▸ WHAT YOU NEED TO DO:
Repeat every line of the data exactly; the pictures stay out.

▸ MATERIAL PROVIDED:
####################

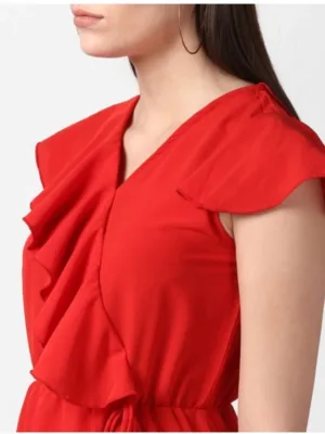 Women’s Polyester Ruffled Cap Sleeve Knee-Length Dress
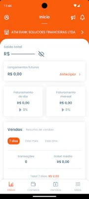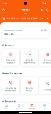 O ATM BANK vai ajudá-lo a acompanhar e gerenciar suas vendas, trazendo informações sobre seu negócio e seu desempenho. Você pode monitorar vendas, configurar meios de recebimento dos pagamentos, além de realizar cobrança com boleto, cobrança digitada e link de pagamento.
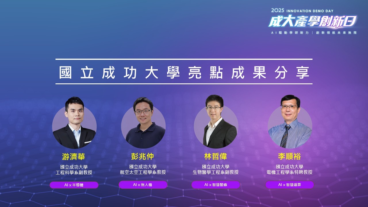 國立成功大學持續深化產學合作動能,2025「成大產學創新日」今年以「AI導入與智慧轉型」為主軸,聚焦製造、醫療及跨域應用三大領域,展現校內研發成果的高技術含量與產業落地價值,體現學研創新的實質影響力。本次活動除延續往年廣受好評的產學研論壇、成果展示與創業團隊競賽外,更串聯校內外研發能量與產業需求,展現成功大學從研發推動者蛻變為引領產業智慧轉型與永續發展的關鍵推手。

####################

▸ EXERCISE ANSWER:
 Women’s Polyester Ruffled Cap Sleeve Knee-Length Dress
 O ATM BANK vai ajudá-lo a acompanhar e gerenciar suas vendas, trazendo informações sobre seu negócio e seu desempenho. Você pode monitorar vendas, configurar meios de recebimento dos pagamentos, além de realizar cobrança com boleto, cobrança digitada e link de pagamento.
 國立成功大學持續深化產學合作動能,2025「成大產學創新日」今年以「AI導入與智慧轉型」為主軸,聚焦製造、醫療及跨域應用三大領域,展現校內研發成果的高技術含量與產業落地價值,體現學研創新的實質影響力。本次活動除延續往年廣受好評的產學研論壇、成果展示與創業團隊競賽外,更串聯校內外研發能量與產業需求,展現成功大學從研發推動者蛻變為引領產業智慧轉型與永續發展的關鍵推手。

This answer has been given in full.